INPUT FOR THIS TASK START

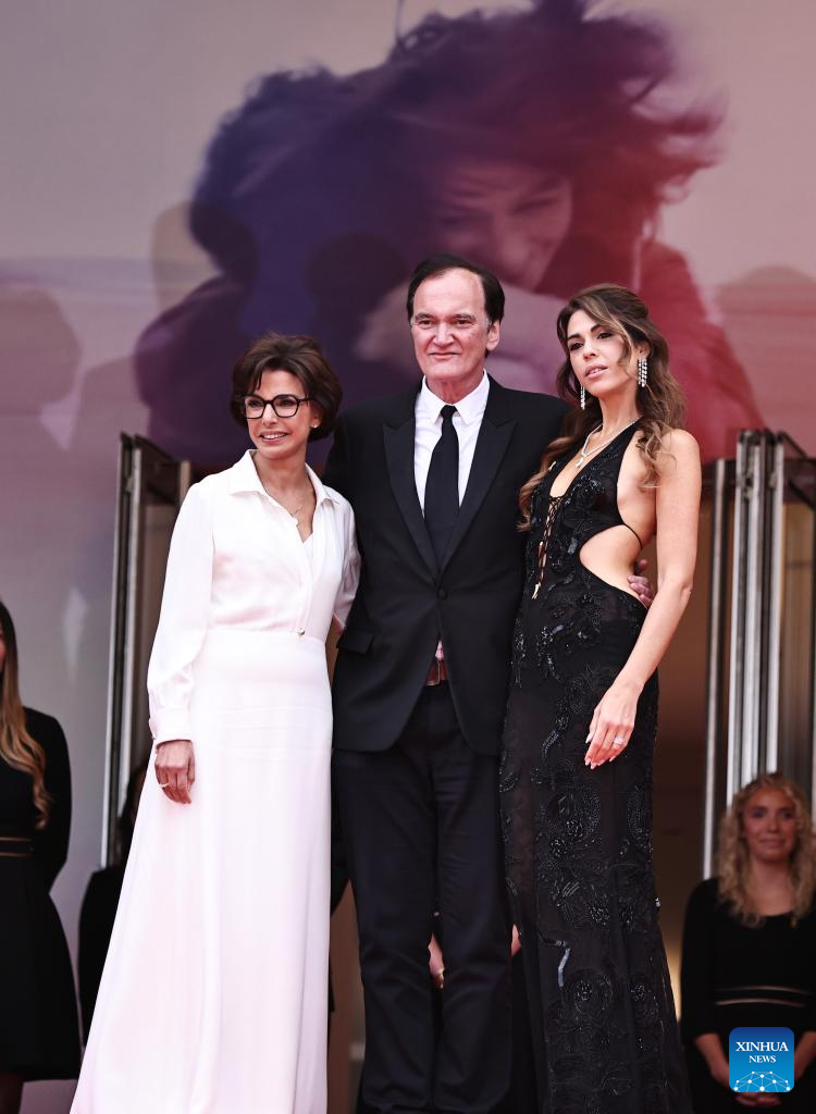 La ministra francesa de Cultura, Rachida Dati, el director de cine estadounidense Quentin Tarantino y su esposa Daniella Pick (de izq. a dcha.) llegan para la proyección de la película «Nouvelle Vague» (Nueva Ola) en la 78 edición del Festival de Cine de Cannes, sur de Francia, el 17 de mayo de 2025. (Xinhua/Gao Jing.)
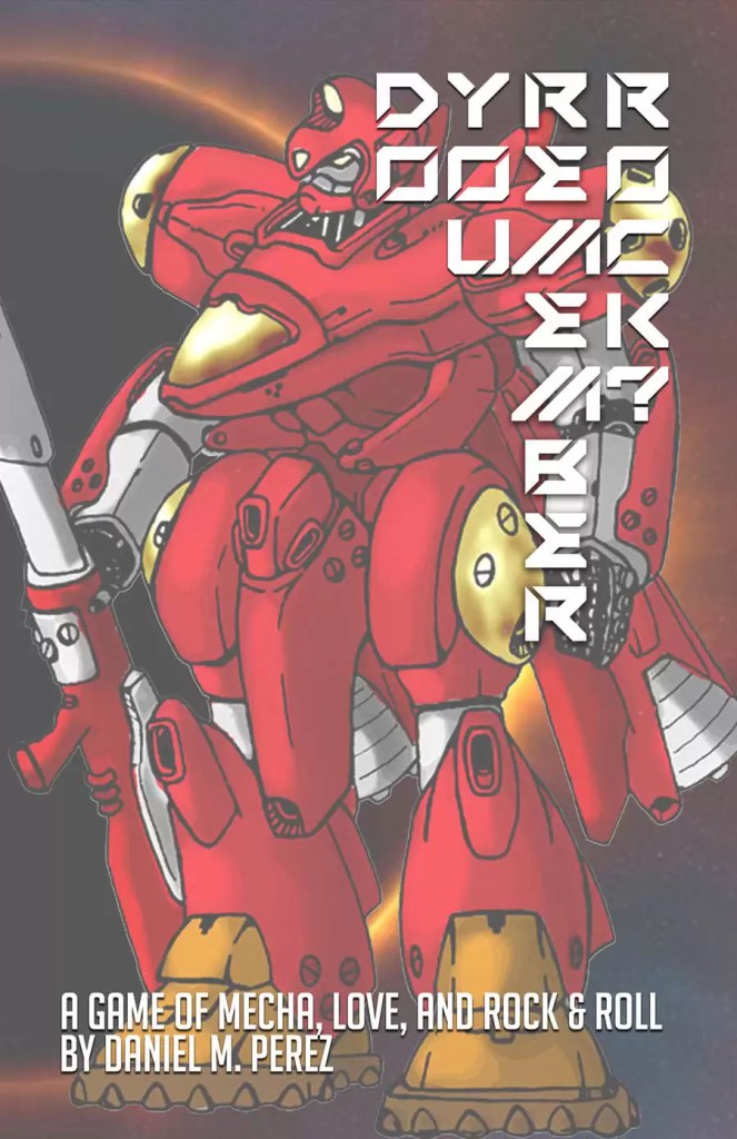 DO YOU REMEMBER ROCK? is a roleplaying game for a DJ (game master) and one to three players inspired by the popular anime of transformable fighters, love triangles, and rock music. Players take the role of an iconic character, and play to resolve their emotional issues with the use of a music Playlist to drive conflict resolution. Jump in your mecha, grab your microphone, and bare your feelings to an awesome soundtrack.
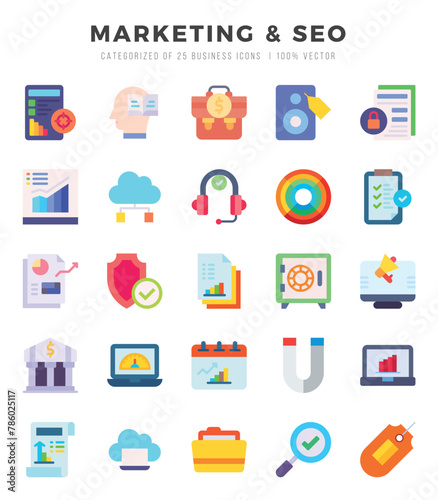 Marketing & Seo icons set. Vector illustration.
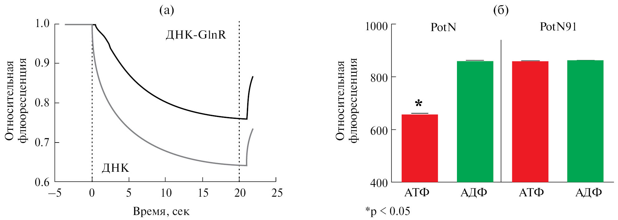Снижение флуоресценции коррелирует с повышением массы молекулы/комплекса. В присутствии АТФ флуоресценция была в 2 раза ниже, следовательно, ДНК более подвижна за счет малой эффективности образования комплекса ДНК‒GlnR. Это, по всей вероятности, происходит за счет того, что GlnR связан с PotN. Наоборот, в присутствии АДФ наблюдается высокий уровень флуоресценции (рис. 2б). Следовательно, образуется комплекс ДНК‒GlnR, в то время как PotN, скорее всего, находится в комплексе с PotA. Чтоб доказать роль АТФ и АДФ в этом процессе, этот эксперимент был проведен с белком PotN91, неспособным связывать нуклеотиды (Iskhakova et al., 2022). Как видно из рис. 2, в присутствие PotN91 внесение АТФ и АДФ не влияло на подвижность ДНК.
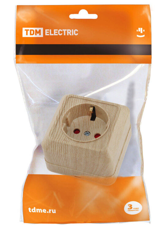 Розетка 2П+З открытой установки с з/ш IP20 16А, сосна "Ладога" TDM (кр.10шт)
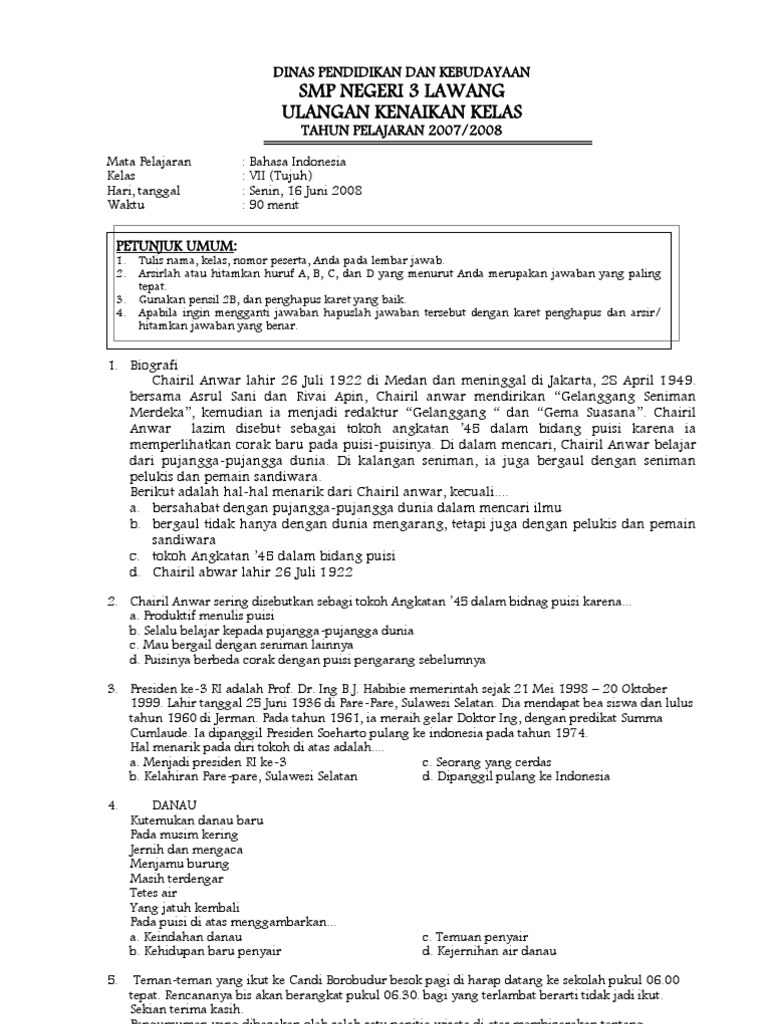 Soal Bahasa Indonesia Smp Kelas 7 Dan Jawabannya Ukk 2016
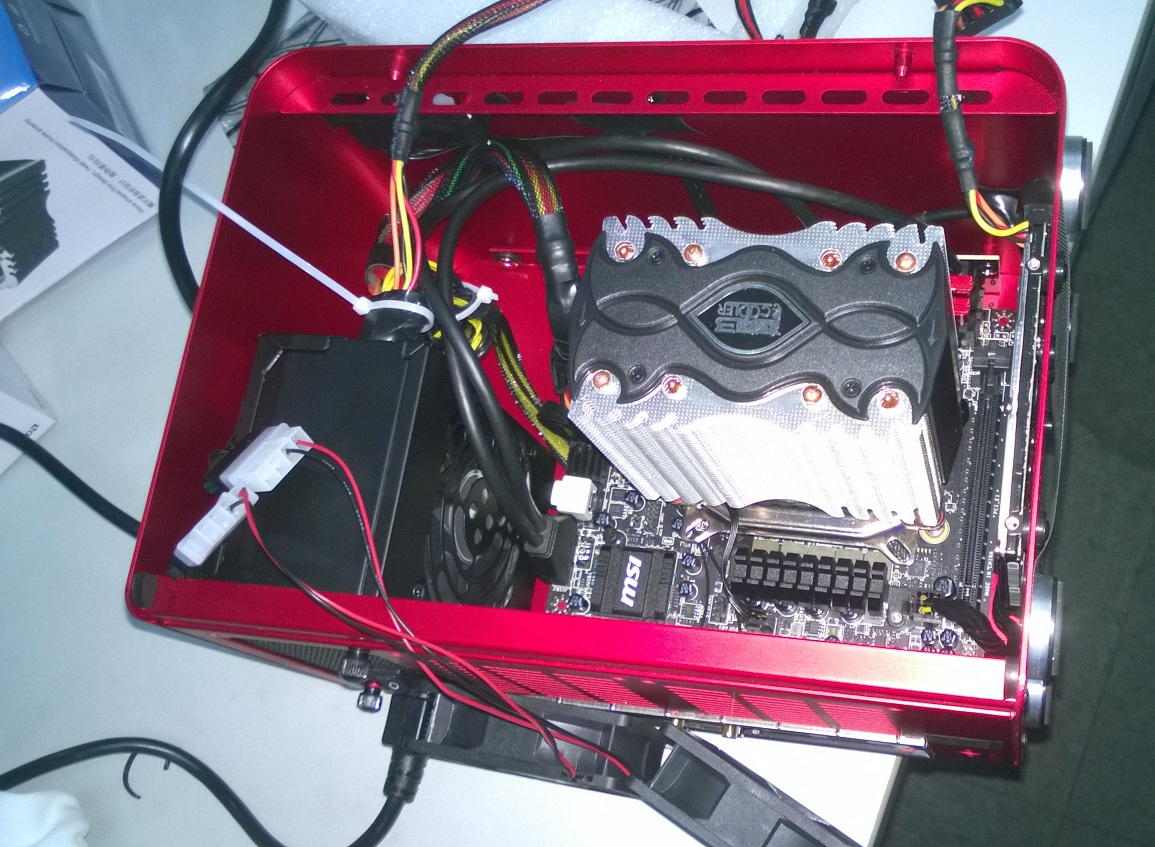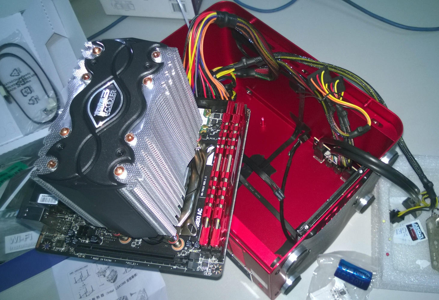 A88X的ITX只有三家,华硕儿子的布局首先排除,技嘉的只有纯D的数字接口转不成办公室的VGA显示器,因此用MSI。R36贴片电感、DARK CAP电容,用料厚道,intel的wifi+蓝牙芯片市价就接近200,所以699满减到649也挺好了,可惜送的T4散热器是ITX机箱不够大的;
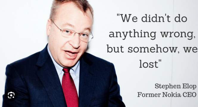 A cheery statement, but the exact opposite is what actually happened. Before Elop joined Nokia, they had a 33% market share in the smartphone market itself. But when he left, they had less than 3%.
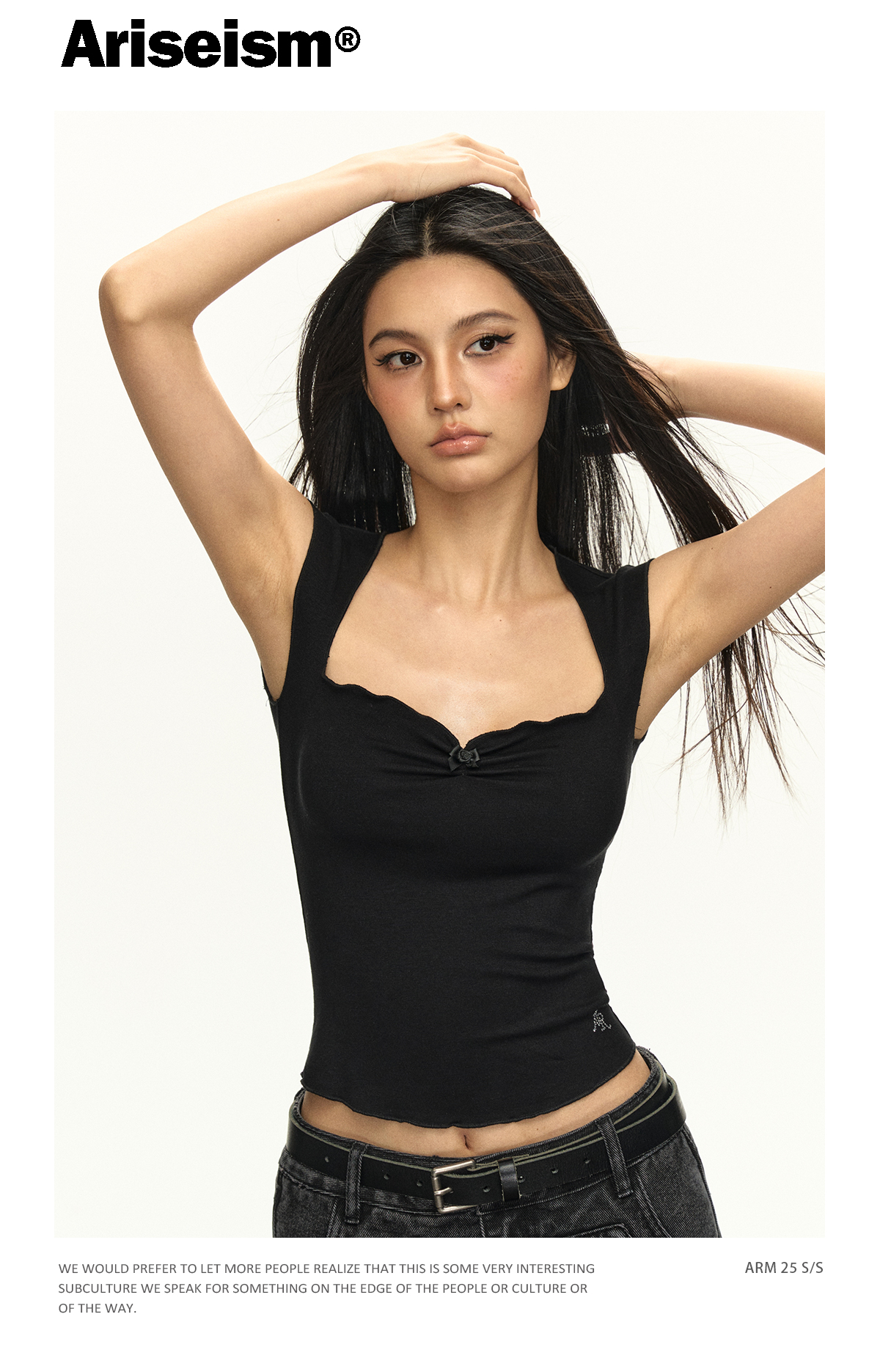 Ariseism 美式复古荡领挂脖吊带背心女夏季新款辣妹无袖修身上衣
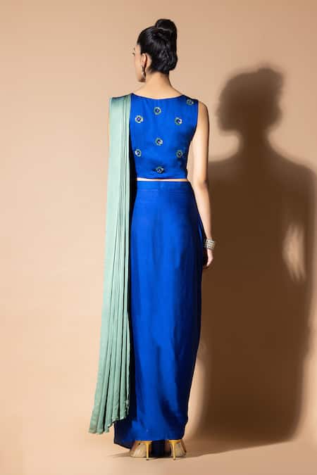 Celestial blue & green ombre modal satin pre-draped saree with pleated detailing
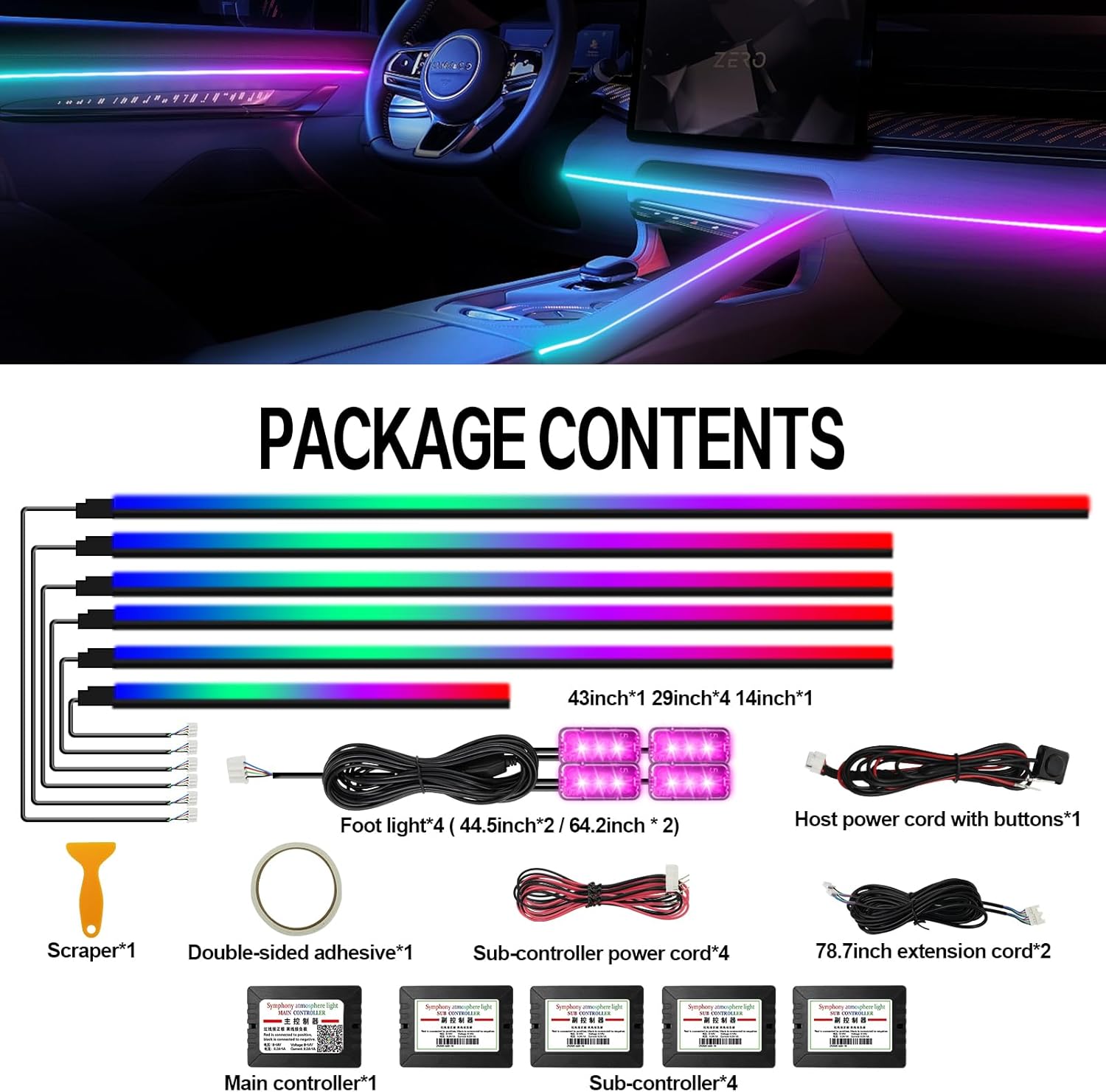 - ăRGBI Dreamcolor 10-in-1 Car Ambient Lightă This interior car LED light consists of 6 acrylic fiber optic light strips(175-inch 593 LED lights) and 4 under dash lights, and has one master controller and 4 slave controller, which can be flexibly installed in any car without clutter. The dreamcolor lighting effect of the upgraded RGBIC can bring you a different experience.

INPUT FOR THIS TASK END

What is needed is a word-for-word repeat of every line from the line with "Ariseism 美式复古荡领挂脖吊带背心女夏季新款辣妹无袖修身上衣" to the end of the entries above; leave out the pictures.

== SOLUTION TO THIS PROBLEM ==
 Ariseism 美式复古荡领挂脖吊带背心女夏季新款辣妹无袖修身上衣
 Celestial blue & green ombre modal satin pre-draped saree with pleated detailing
 - ăRGBI Dreamcolor 10-in-1 Car Ambient Lightă This interior car LED light consists of 6 acrylic fiber optic light strips(175-inch 593 LED lights) and 4 under dash lights, and has one master controller and 4 slave controller, which can be flexibly installed in any car without clutter. The dreamcolor lighting effect of the upgraded RGBIC can bring you a different experience.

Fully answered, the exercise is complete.